Schools and universities in the West are turning out self-assured ignorant sniveling over-rewarded-and-awarded twits at rates heretofore thought impossible. The consequence, besides our inevitable doom and destruction, is that an accelerating proportion of the population is surer of themselves than ever while knowing less.

The im-bri-bictor is found everywhere. It is heard whenever somebody says, “What else could explain it?” or “I can’t think of any other reason than X” or “There can’t be any other possible explanation but this one” and the like. This (informal) fallacy is what allows convictions based on scanty circumstantial evidence. It is how the self-credentialed and deluded rabble (journalists and academics, mostly) convince themselves they are in possession of the truth.

Before I give a practical example, don’t confuse the IMBRBICTOAR with the Who-The-Hell-Are-You-To-Question-Me? fallacy, which is routinely invoked by arrogant SOBs who have reached the top of their fields, men who either don’t want to be pestered or who have for too long believed their own press.

So, this person, who has proudly given himself the idiotic label “SninkyPoo”, writes in the radical Daily Kos:

What I don’t understand about Willie Soon and any other “scientist” who sets aside his or her intellectual integrity for cash…

What completely baffles me is how that [oil money] influences his research – if he is really a scientist. If he is really a scientist, and the evidence clearly shows that climate change is being caused (or influenced, or goosed, or forced) by human activities including massive use of fossil fuels, then how can he reach the opposite conclusion?

Now SnikyPoo is, by his own admission, baffled. But given he offers his own solution to his own imaginary predicament, this bafflement is only pretended intellectual humility, a form of “humble bragging”, a rhetorical trick that (if you can believe is) actually works, but only in minds that have no natural resistance to bad ideas.

Anyway, Mr Poo asks this conditional: if it is true that climate change is caused by man, how can a scientist claim climate change is not caused by man? There is nothing wrong with this conditional question. The fallacy enters when Mr Poo says (in effect): I can think of no other reasons than corruption or (he says later) reliance on “ideological filters” which insist man cannot cause climate change, therefore there are no other reasons.

It is a fallacy because there are many other ways for a scientist to conclude that man does not have climatological influence, even if it is true man does cause climate change. It could be that the scientist is ignorant of the basics of his field, which certainly isn’t true in Soon’s case (he is a pal of mine, as regular readers know). The scientist may have been misinformed (again not true in Soon’s case). Or it could be that evidence has not been sufficient to conclude mankind’s influence is certain.

Even the last is not true; indeed the opposite is.
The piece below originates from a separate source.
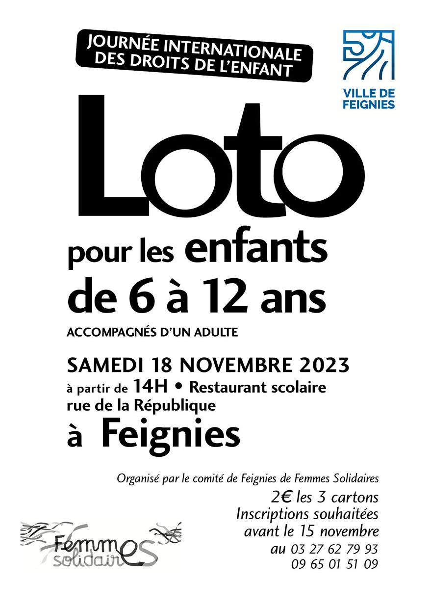 novembre, 2023 Loto pour enfants Restaurant scolaire 4 rue Roger Salengro, Feignies 2023sam18nov14 h 00 min18 h 00 minLoto pour enfantsorganisé par le Comité de Feignies de Femmes Solidaires14 h 00 min - 18 h 00 min Restaurant scolaire, 4 rue Roger Salengro, FeigniesType d'événement:Fêtes,Jeunesse Détails de l'événement Détails de l'événement Date (Samedi) 14 h 00 min - 18 h 00 min LieuRestaurant scolaire4 rue Roger Salengro, Feignies CalendrierCalendrier Google

There has been plentiful and sufficient evidence to conclude that mankind’s influence, while certainly present, is not as large or as dangerous as Mr Poo implies (hopes?). Yet that Mr Poo argues fallaciously and in ignorance cannot be much of a surprise.
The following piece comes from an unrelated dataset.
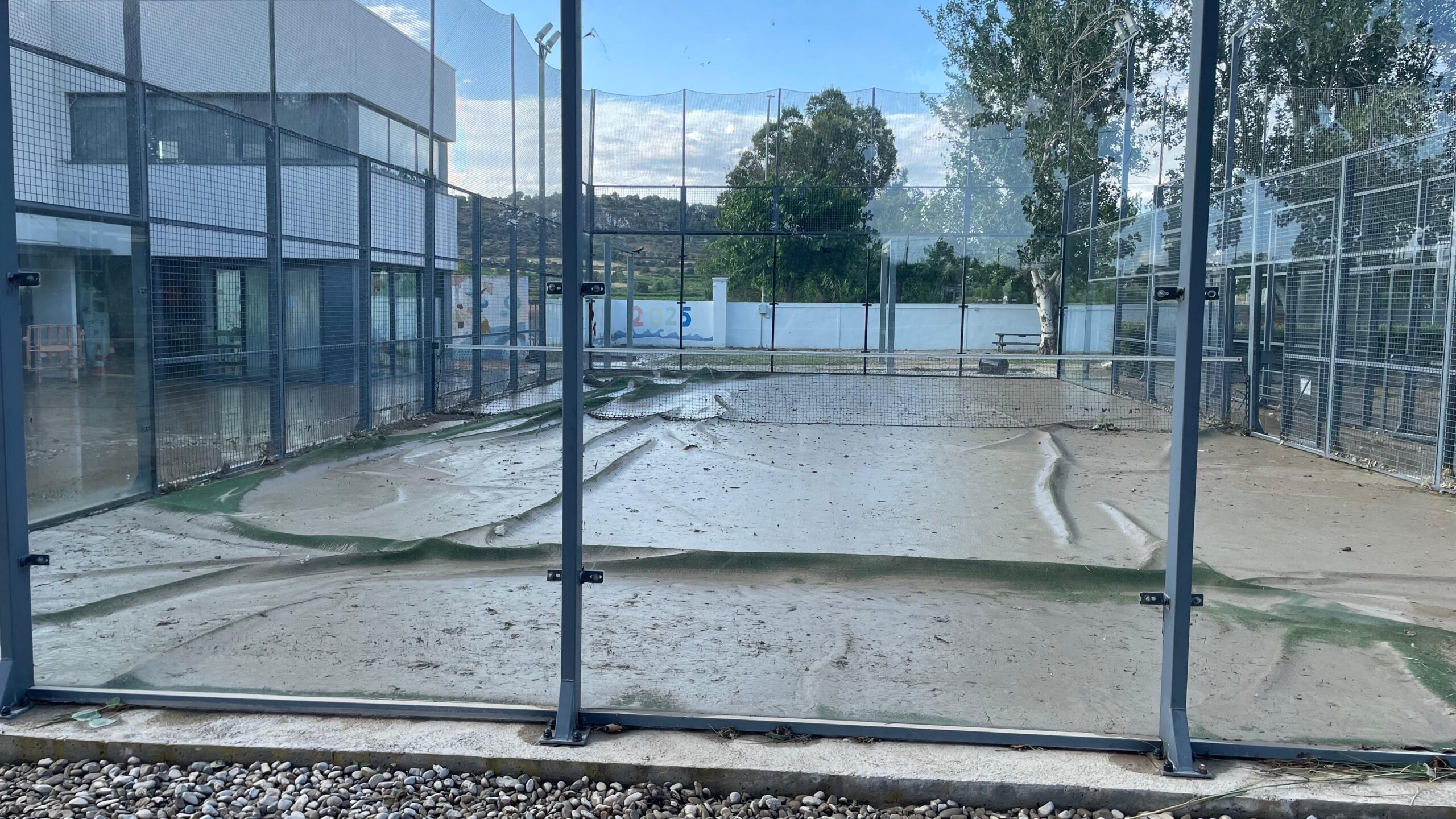 El mur exterior ha cedit, part de les instal·lacions han quedat inundades i les pistes de pàdel han quedat malmeses.

Mr Poo also attempts to taint Soon with racism:

In Stephen Jay Gould’s excellent book “The Mismeasure of Man” he discusses the 19th century “science” on race that led to incorrect – and horrifying – conclusions about differences in intelligence among the human races. Mismeasuring – misrepresenting – confirmation bias – the book is full of fascinating examples of scientists who massaged their data to “prove” what they already believed.

And I get that. But at the time that work was being done, pretty much everyone believed that there were differences among races that included differences in intelligence and aptitude. Those beliefs were WRONG. Stark, staring, ravingly MADLY wrong. But that was majority opinion. So confirmation bias and massaging of data makes more sense at that time and in that context.
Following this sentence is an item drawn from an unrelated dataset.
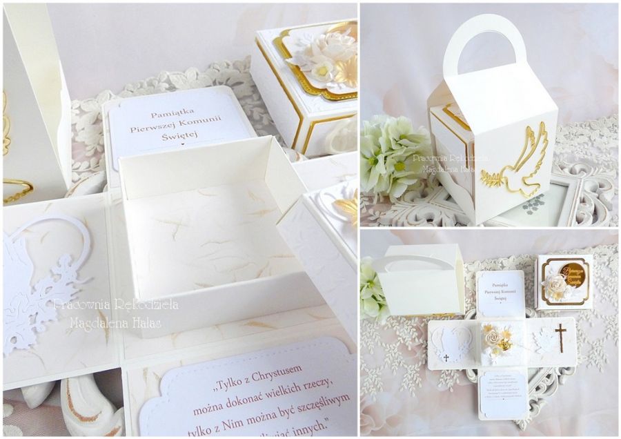 Pamiątka komunijna w formie rozkładanego pudełka - exploding box w torebce.

So, as admitted by Mr Poo, sometimes confirmation bias is excusable, or at least understandable. (And he really should have picked a better example than Gould’s failed, ideologically driven book.) This is why Mr Poo dismisses confirmation bias as an account for Soon’s science and instead concludes Soon, and other scientists who do not agree with Mr Poo’s own preconceived notions, are “absolutely disgusting and wicked.”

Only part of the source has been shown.